Fueled by Millennial frustration, punk MC delivers new “State of the Union”

IMG_4226.jpgMutha Falcon at Midway Craft House 2017 | The band has gone through changes since then but have a solid voice and are  playing shows. The Denton TX group has played in and around DFW for the past 2 years. Photo Credit: Erin Devany of All Hallows Production.

By: Forrest Cook

Mutha Falcon is a Denton band for fans of Public Enemy and The Beastie Boys. Their music is reminiscent of aspiring young (and my favorite) North Carolina band, The Muslims, except far less derogatory, and they have the feel of our own up-and-coming local favorite Punk Rock Bowlers, Noogy.

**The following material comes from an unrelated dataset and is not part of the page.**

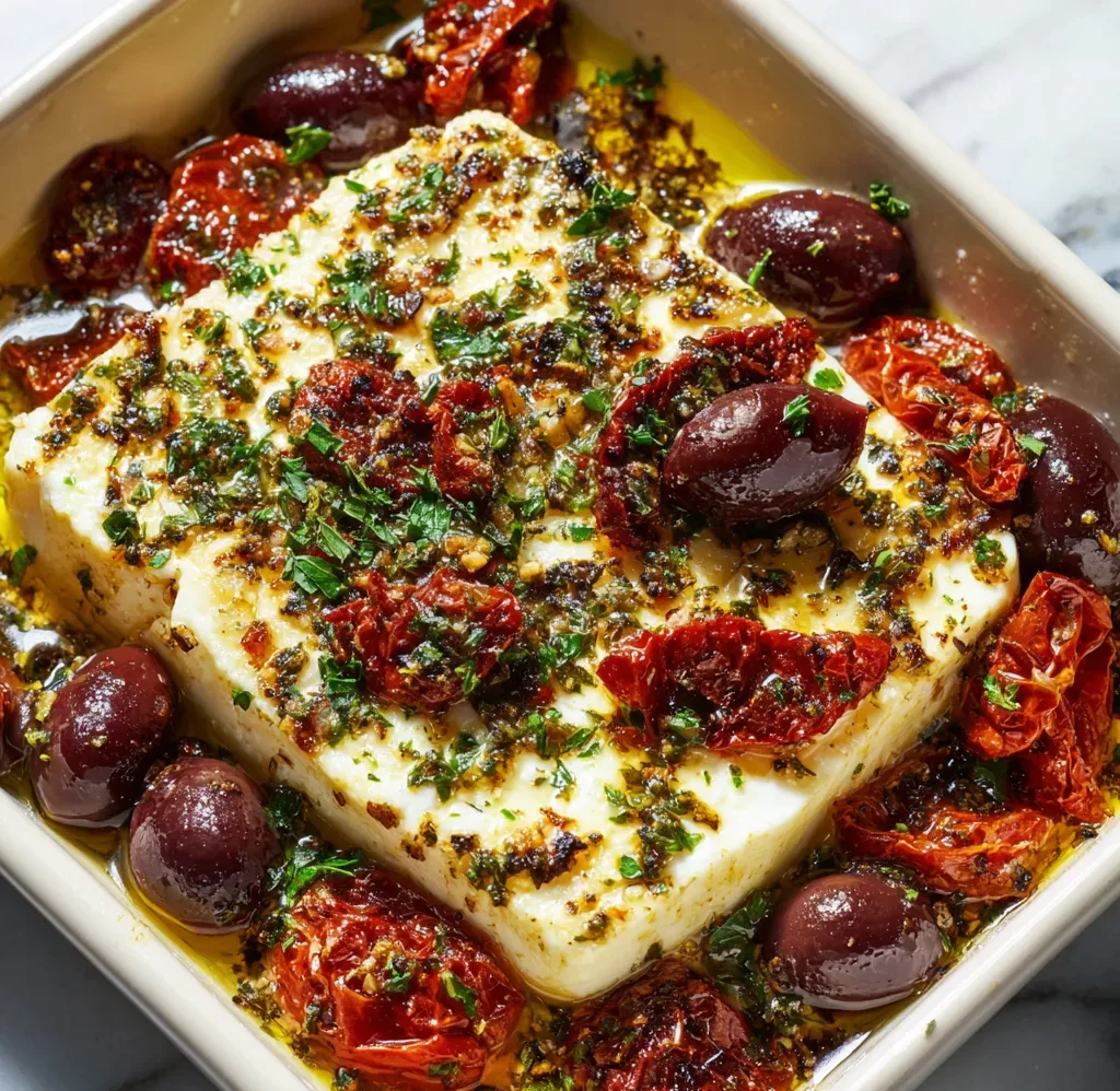 Creamy Baked Feta with Olives & Sun-Dried Tomatoes: A Mediterranean Flavor Explosion

Mutha Falcon has made a pretty big splash in the DFW scene, having played Deep Ellum Arts Festival amongst others and being a featured act in NPR’s Tiny Desk Competition. The band is Phillip Thornton on bass, Chia Hammill playing drums, keys/accordion player Matt McNabb, Landon Markle on guitar, and the incomparable Diya Craft on vox and inspiration. They’ve recently released what is their second EP, “The Book of Falcon Vol. 1”, which plays like an up-and-coming band learning the ropes, aspiring to write catchy, simple and sophisticated rhythms bound by politically conscious lyricism and the expression of a young black woman letting her voice be known in what is traditionally a white-male dominated punk rock scene.  Self-released by the band, production quality isn’t the best, however the tunes are infectious and the music itself leads one to believe that here’s an interesting band still in its early stages that is definitely worthy of following.

“Waste of Time” is a great opener and a lot of fun. Showing off their punk rock roots, the band formerly known as Millennial Falcon launches into a fast and raunchy brouhaha airing out the personal grievances of singer Diya regarding a past relationship, or what in the end was a lack-there-of. The song comes well-equipped with a dab of barroom pian-ey applied euphonious by McNabb in the upsweep of what makes for a damn fine drinking song about time wasting loser exes.

Mutha Falcon’s Diya Craft | Photo Credit: KMWirth Photo

“The 7th Level” jumps! “Rise Up! React! Take the Mother f***** power back!” Mutha Falcon gets flippin’ hardcore! They are bringing it back to the overlords, showcasing a jumpin’ beat with witty, comedic lyrics.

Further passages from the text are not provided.